The first evaluation variety give better scores to the induced senses most similar to the GS senses (e.g. similar number of senses). The second evaluation variety allows for comparison with other kinds of systems. It does not necessarily favor systems inducing senses similar to the GS. We have used such framework to evaluate graph-based sense-induction techniques in (Agirre et al. 2006). 

We strongly suggest participants to discuss and propose alternative evaluation strategies, with the conditions that they make use of the available lexical-sample data.

Download area
This section will contain evaluation software, useful scripts, complementary materials, baseline systems, etc. but not the datasets
proper.

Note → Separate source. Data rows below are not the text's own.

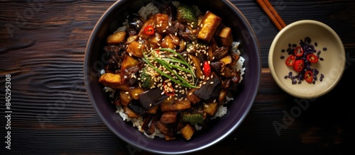Top view of a Korean Chinese or Asian vegan meal featuring a bowl of glazed fried aubergine stir fry with a sweet soy sauce glaze Includes copy space for image composition
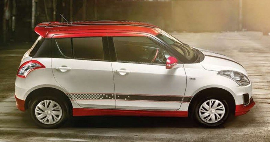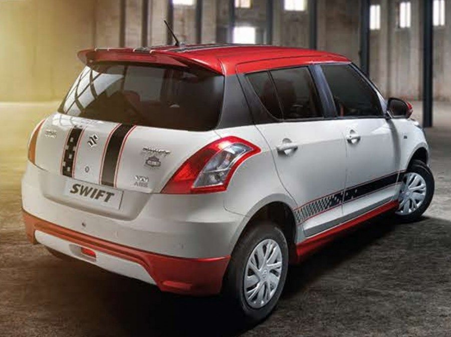 On the outside, the Swift Glory edition comes fitted with side skirts and bumper extensions finished in contrasting red color, blacked out C-pillars, a contrasting red roof and mirror caps, a new rear spoiler, along with racing stripes on the sides, bonnet and roof.
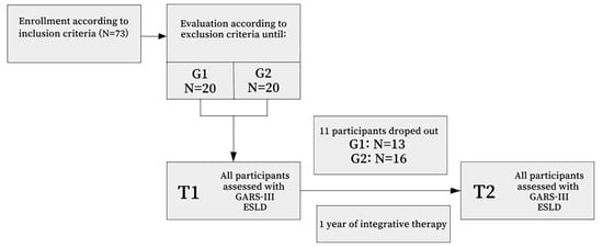 Firstly, we used the following inclusion criteria for entering the study: an established diagnosis of ASD and age of 36 to 60 months, after which children were continuously assessed for exclusion criteria until 20 participants were found for the G1 group (children 36 to 47 months old) and 20 participants were found for G2 group (children 48 to 60 months old). Evaluation for exclusion criteria was performed for 73 children, and 40 children started the intervention process (Figure 1). During the following year, 11 children dropped out of the therapy. The final number of participants included in the further analysis was 29 (Table 1). Groups were balanced for performance IQ, which was assessed using the Binet–Lezin scale [35].
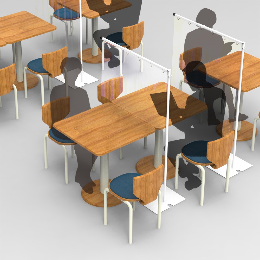 シート(別売り)を取り換えることで衛生的に使え、防炎にも役立ちますので、病院や診療所などの医療機関、レストランやカフェなどの飲食店、集会の演台前や受付など様々なシーンに活用いただけます。

The datasets are available at the main site for download.

Deadlines
The timing for this task can be summarized in the following steps:

  1. participants register on the 26th of Feb.
  2. deadline for submission is the 1st of Apr.
  3. participants can choose when to download and submit in this timeframe (26th of Feb. to 1st of Apr.), but will only have 2 weeks for submitting the results starting from the download date.

Discussion
Some skepticism has been raised about using Gold Standard senses as a means of evaluation of induced senses. The quality of the Gold Standard is certainly an issue, as it is the fact that the systems might be inducing senses from the text which might not be fully reflected in the Gold Standard inventory of senses.

Another issue is the granularity of the clusters, and the fact that the participants might know in advance which is the target number of senses per word. Participants using this information should clearly indicate this fact when registering.

We acknowledge that some objections can be raised, specially to the evaluation using an automatic mapping to the gold standard senses, but we think that there is no better alternative to perform large scale comparative evaluations with regard to other types of WSD systems.

We suggest participants to discuss and propose alternative evaluation strategies, with the conditions that they make use of the available lexical-sample data.

Acknowledgements
We thank Ted Pedersen and Phil Edmonds for comments on this task proposal.

References
Pedersen, T. Unsupervised Corpus-Based Methods for WSD. In Agirre, E. and Edmonds, P. (Eds.) "Word Sense Disambiguation: Algorithms and applications". Springer, 2006.

Agirre E., Lopez de Lacalle Lekuona O., Martinez D., Soroa A. 2006. Two graph-based algorithms for state-of-the-art WSD. Procceedings of EMNLP 2006.